Learning to see these connections is crucial for understanding economic politics. For example, companies often brag about how they’re reducing prices for the consumer, but that often entails them driving down wages for the worker. Those workers, in turn, can be placated by giving them small slices of the action from the stockmarket, so they have a small stake in exploiting themselves.
The financial sector too has its own fractal universe. I presented it this time as plugging itself in to capitalize the corporate entity, but it can plug itself in all over the picture. It can finance the suppliers with trade finance, finance the consumers who go into debt to buy the products, and even finance the people training to be workers for the financed corporation. It will also finance financiers, who may be doing the same.
The fractal patterns go both smaller and larger. Zoom out, and the picture of a single corporation becomes a picture of entire industries that lock into other industries, and entire classes of people locked into forms of tense and unstable symbiosis within a giant web of financial contracts. And, this entire structure can only be woven together because of the money system.
That, of course, is the glaring missing piece from the picture above. I abstracted money away from the picture this time for simplicity, but the true Fractal series that we all need to grapple with in future is how corporate capitalism and monetary systems are part of the same continuum, with no beginning or end.
Fantastic. I'd love to teach this. Actually, I do teach this -- I co-direct the University at Buffalo NYC Program in Finance & Law -- but I don't have Legos!

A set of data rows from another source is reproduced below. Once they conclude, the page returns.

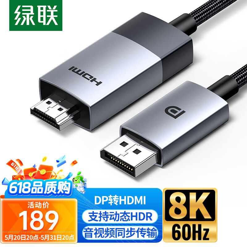 绿联 DP1.4转HDMI2.1转接线 8K高清DisplayPort转HDMI连接线 适用显卡电脑接电视显示器视频线1.5米价格:219.00元!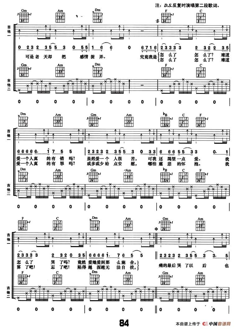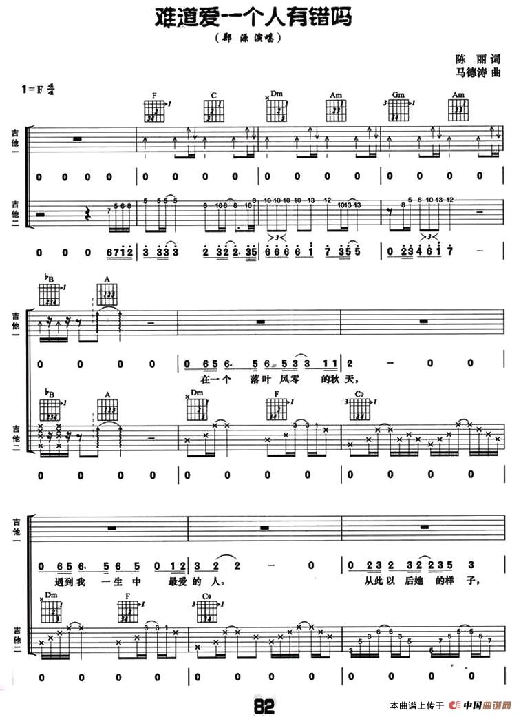 难道爱一个人有错么(双吉他)相关五线谱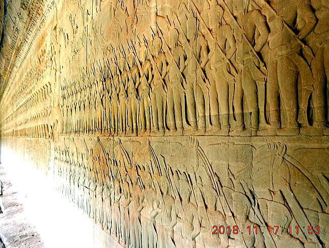 | アンコール遺跡全体目次 <アンコール・ワット> はじめに 東門 第1回廊 第2回廊 第3回廊、中央祠堂 十字回廊 千神経蔵 前庭 経蔵・西門 概要 歴史 修復活動 ◆第1回廊 ![]() 下の写真は東門から入りまっすく西側に進んでいったところにあるアンコール・ワットの第1回廊です。ここには壁に素晴らしい彫刻があります。 以下は第1回廊に向かう途中の写真です。 ![]() 撮影:随行学芸員 Nikon Coolpix S9900 以下は第1回廊に上る階段です。 ![]() 撮影:青山貞一 Nikon Coolpix S9900 2018-11-17 以下は外から見た第1回廊です。 ![]() 撮影:青山貞一 Nikon Coolpix S9900 2018-11-17 ![]() 撮影:池田こみち iPhone 下は、第1回廊の西面です。 ![]() 第1回廊西面 撮影:青山貞一 Nikon Coolpix S9900 2018-11-17 下は第1回廊の壁面です。この壁面には素晴らしい彫刻が施されています。 ![]() 撮影:池田こみち Nikon Coolpix S9900 2018-11-17 ![]() 撮影:随行学芸員 Nikon Coolpix S9900 ![]() 撮影:池田こみち Nikon Coolpix S9900 2018-11-17 第1回廊の西面に有名な彫刻があります。 ![]() 第1回廊西面の彫刻 Source: Wikimedia Commons パブリック・ドメイン, リンク 下は、第1回廊西面の彫刻を撮影したオリジナルと、デジタル処理後の彫刻です。 ![]() 第1回廊西面の彫刻 撮影:池田こみち Nikon Coolpix S9900 2018-11-17 ![]() 第1回廊西面の彫刻 撮影:池田こみち Nikon Coolpix S9900 2018-11-17 デジタル処理:青山貞一 ![]() 第1回廊西面の彫刻 撮影:青山貞一 Nikon Coolpix S9900 2018-11-17 ![]() 第1回廊西面の彫刻 撮影:青山貞一 Nikon Coolpix S9900 2018-11-17 ![]() 第1回廊西面の彫刻 撮影:青山貞一 Nikon Coolpix S9900 2018-11-17 ![]() 第1回廊柱の彫刻 撮影:池田こみち Nikon Coolpix S9900 2018-11-17 第一回廊では、柱に彫られたこまかい唐草模様とデヴァタの姿を見ることができます。また連子窓から漏れる光が非常に美しく、往時の雰囲気を醸し出しています。 注)連子窓とは(Wikiより) 連子窓(れんじまど)は、断面方形又は菱形の細長い木材(連子子)を縦又は横に連ねた連子を嵌め込んだ窓です。 採光、通風、防犯を目的としています。 寺院や神社で用いられることが多く、日本では法隆寺、薬師寺、春日大社、大極殿の回廊等に見られます。 ![]() 第1回廊の彫刻 撮影:青山貞一 Nikon Coolpix S9900 2018-11-17 ![]() 第1回廊の彫刻 撮影:青山貞一 Nikon Coolpix S9900 2018-11-17 ![]() 第1回廊の彫刻 撮影:青山貞一 Nikon Coolpix S9900 2018-11-17 <解説>第一回廊の壁面レリーフについて 参考 以下の資料を参考に第一回廊の壁面に彫られたレリーフについて説明を加えます。順番が私たちが実際に入った東側から北、西となっています。 h 第一回廊の壁面は多岐にわたっています。私たちが入った東側の面には、まず、乳海攪拌の詳細なレリーフが描かれています。途中、美しいデヴァタのレリーフを見ながら北に進むと、今度はヒンドゥー教の神であるヴィシュヌ神と阿修羅の戦いの図へと変わります。 角を曲がって北側の回廊に入ると、クリシュナーとバーナの戦いの図などが続き、白鳥に乗るブラフマーの先で西回廊に入る、西回廊北側には、ラーマーヤナの物語、西回廊南側には、マハーバーラタの物語が彫られています。 南回廊はゆっくり見る時間がなかったがアンコール・ワットを創建したスーリヤヴァルマン2世の軍隊や天国と地獄の様子を描いたレリーフで埋め尽くされているといいます。 第2回廊につづく アンコール遺跡全体目次 |

Please get this built. Happy to discuss further, quibbles, add ons (though fractal is wonderful) . . . bravo.
Such a lego set would be very instructive, particularly if paired with a Biosphere set on the same lines. The complexity of the relationships and the essentially parallel interactions would lend themselves to a generic production line but - and this is the kicker - with vastly different results. The game could be further enhanced with betting on what leads to the different results. My money, such as it is, is on humans inability to manage complexity in a system that absolves them of responsibility.